According to other data, models represented by Huawei HarmonyOS have surpassed BBA (below 340000 yuan) in terms of sales volume and average transaction price (about 390000 yuan). This indicates that the market's demand for high-performance batteries with high specific energy and long battery life remains strong.


The global production of ternary materials reached a historic high in July, which also confirms this trend. For Chinese battery companies, this means that they cannot relax their research and development investment in high-performance battery technology.


Looking ahead to the future, it is worth noting that policy signals are shifting as car consumption subsidies transition from direct subsidies to loan interest subsidies.
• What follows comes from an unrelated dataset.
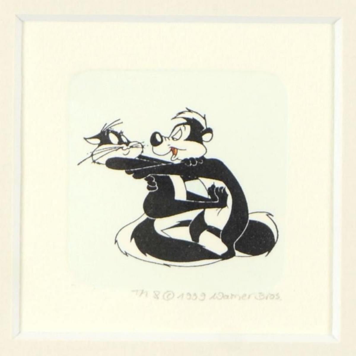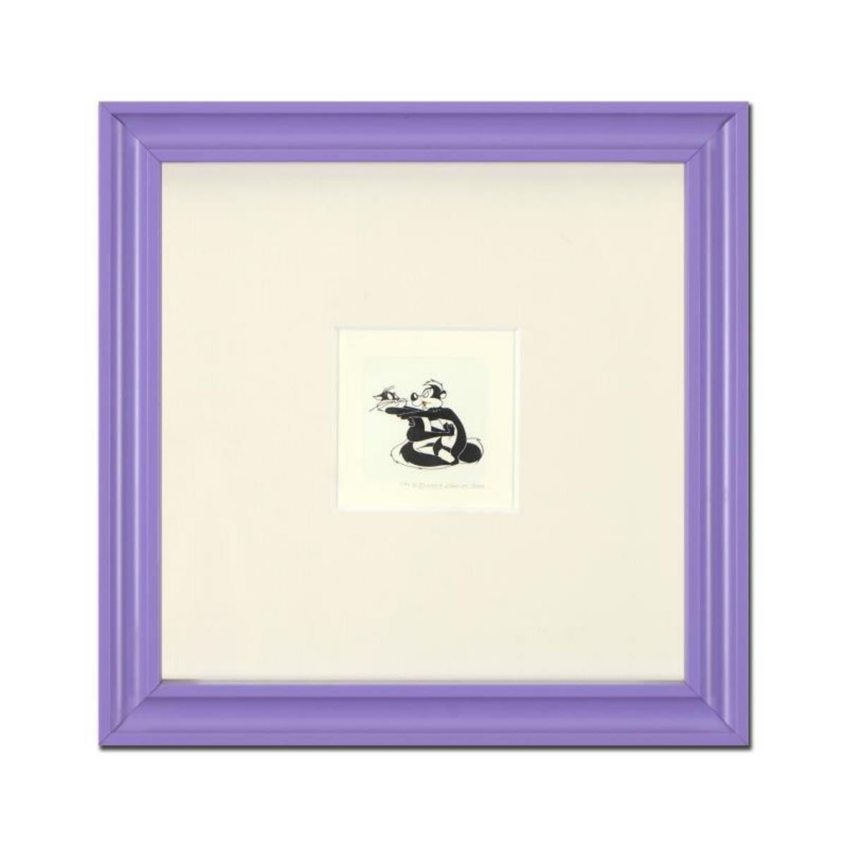 "Pepe Le Pew in Love" is a limited edition etching on paper with hand-tinted coloring from Warner Bros, numbered and dated 1999. This piece comes framed. Measures approx. 9" x 9" (with frame), 2" x 2.5" (image). Reference #: 235691.

The core of anti involution will gradually shift from simple commodity consumption to service consumption areas including battery testing, post repair market, and battery replacement.


For car companies, when some hybrid models begin to shrink in the domestic market, how to continue expanding their substitution advantage for the fuel vehicle market, rather than engaging in stock competition with pure electric vehicles, will be a question that must be answered.